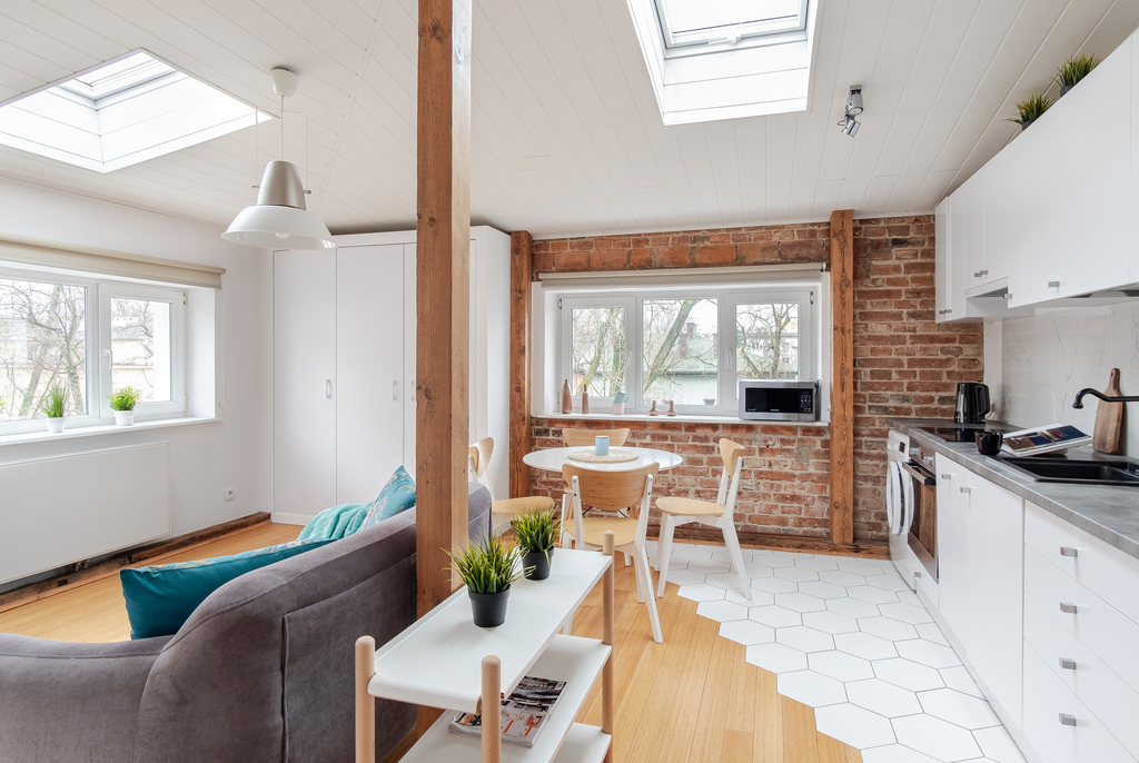 To miejsce z pewnością przypadnie do gustu osobom ceniącym sobie poczucie przestrzeni - wszystko za sprawą wysokości sufitu (od 230 cm do ponad 300 cm) wyposażonego w okna dachowe, które doskonale doświetlają całe mieszkanie. Dodatkowego klimatu dodają blisko stuletnie, odsłonięte cegły.
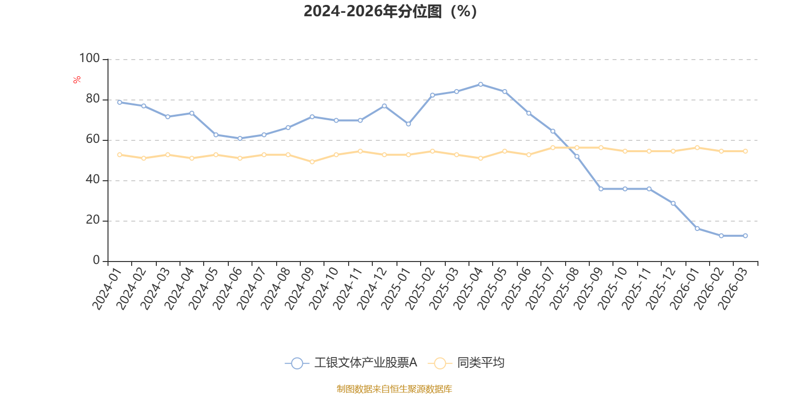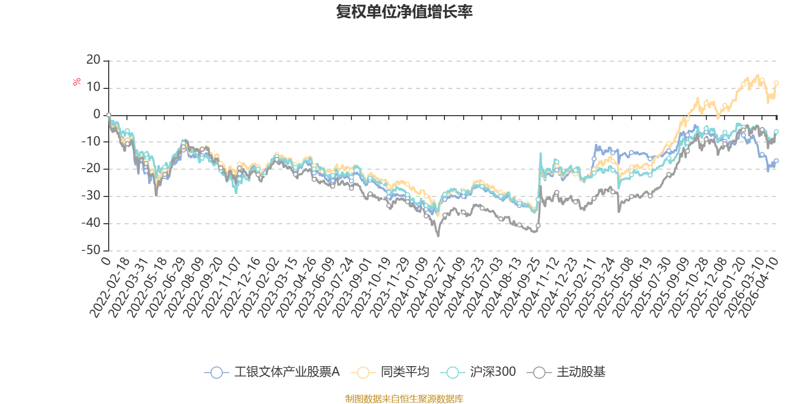 截至4月10日,工银文体产业股票A近三个月复权单位净值增长率为-9.91%,位于同类可比基金57/58;近半年复权单位净值增长率为-11.82%,位于同类可比基金55/58;近一年复权单位净值增长率为-2.66%,位于同类可比基金56/57;近三年复权单位净值增长率为0.20%,位于同类可比基金50/57。
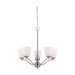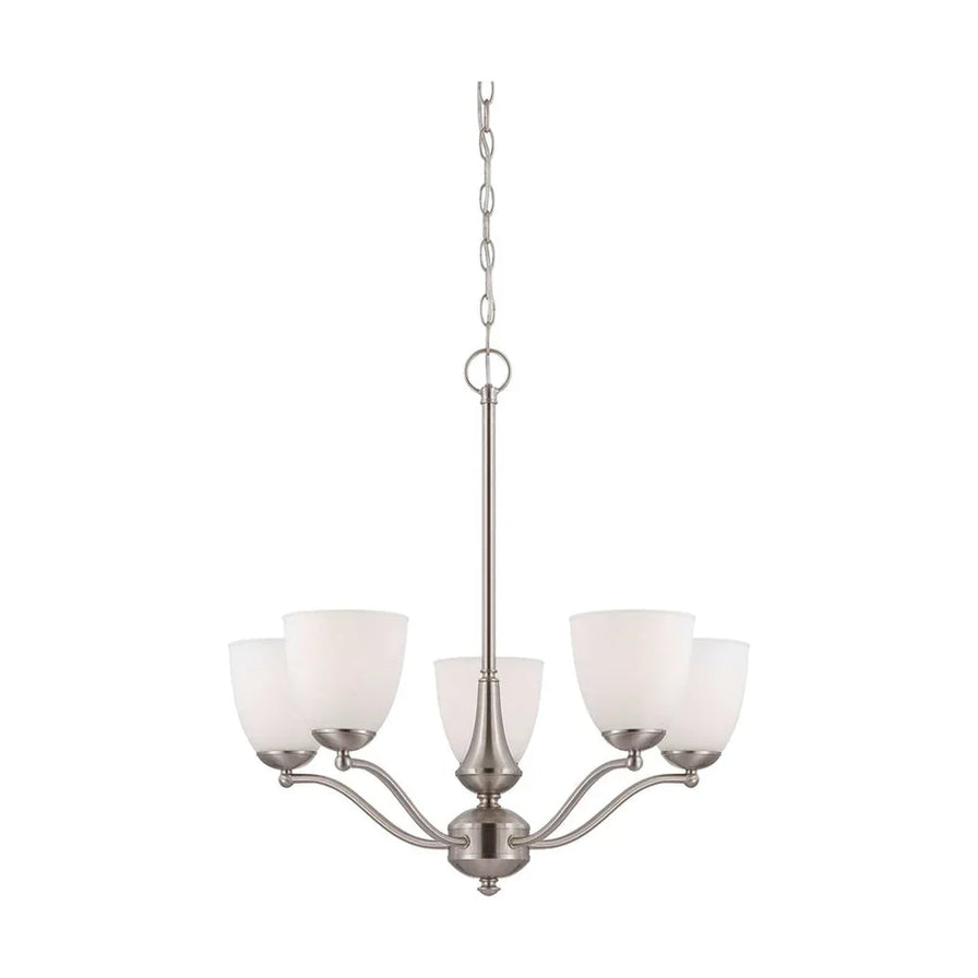 The classically inspired Patton series finished in brushed nickel or prairie bronze and accented by frosted glass shades, is the largest and most versatile of our new design collections. In addition to the usual configurations, Patton features a 4-light vanity, a flush dome and 3 and 5-light chandeliers which are available in both arm-up and arm-down configurations. There is nowhere these fixtures cannot go.
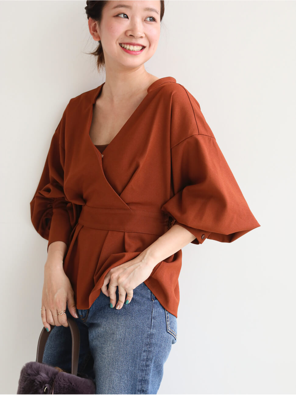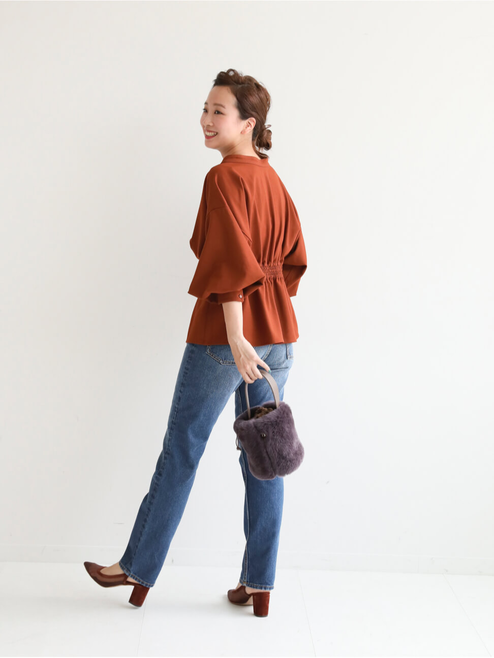 - オンにもオフにも活躍する、レイヤードいらずの主役級トップス。デコルテを綺麗に見せるフロントやボリューム袖、背中のギャザーなど、女性らしいラインを強調するディテールが満載。秋映えのこっくりカラーだから、シンプルなデニムと合わせても華やかにまとまります。
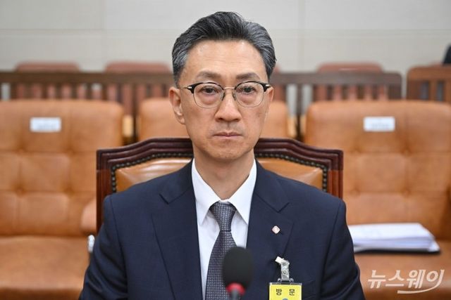 고정욱 롯데지주 사장이 13일 오후 서울 여의도 국회 기획재정위원회에서 열린 기획재정부(경제·재정정책)에 대한 2025년도 국정감사에 증인으로 출석해 자리하고 있다. 사진=강민석 기자 kms@newsway.co.kr
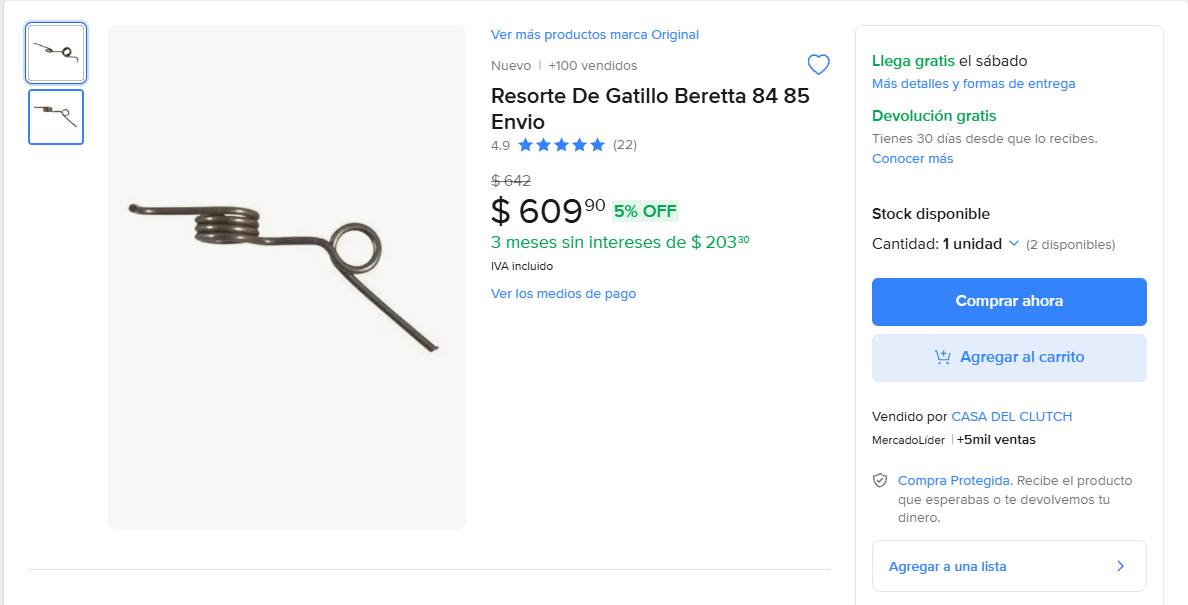 Sé el primero en valorar “Resorte De Gatillo Beretta 84 85” Cancelar la respuesta

......

● TASK STATEMENT:
For this exercise, copy the entries above exactly and skip any picture.

● RESPONSE TO THE TASK:
 To miejsce z pewnością przypadnie do gustu osobom ceniącym sobie poczucie przestrzeni - wszystko za sprawą wysokości sufitu (od 230 cm do ponad 300 cm) wyposażonego w okna dachowe, które doskonale doświetlają całe mieszkanie. Dodatkowego klimatu dodają blisko stuletnie, odsłonięte cegły.
 截至4月10日,工银文体产业股票A近三个月复权单位净值增长率为-9.91%,位于同类可比基金57/58;近半年复权单位净值增长率为-11.82%,位于同类可比基金55/58;近一年复权单位净值增长率为-2.66%,位于同类可比基金56/57;近三年复权单位净值增长率为0.20%,位于同类可比基金50/57。
 The classically inspired Patton series finished in brushed nickel or prairie bronze and accented by frosted glass shades, is the largest and most versatile of our new design collections. In addition to the usual configurations, Patton features a 4-light vanity, a flush dome and 3 and 5-light chandeliers which are available in both arm-up and arm-down configurations. There is nowhere these fixtures cannot go.
 - オンにもオフにも活躍する、レイヤードいらずの主役級トップス。デコルテを綺麗に見せるフロントやボリューム袖、背中のギャザーなど、女性らしいラインを強調するディテールが満載。秋映えのこっくりカラーだから、シンプルなデニムと合わせても華やかにまとまります。
 고정욱 롯데지주 사장이 13일 오후 서울 여의도 국회 기획재정위원회에서 열린 기획재정부(경제·재정정책)에 대한 2025년도 국정감사에 증인으로 출석해 자리하고 있다. 사진=강민석 기자 kms@newsway.co.kr
 Sé el primero en valorar “Resorte De Gatillo Beretta 84 85” Cancelar la respuesta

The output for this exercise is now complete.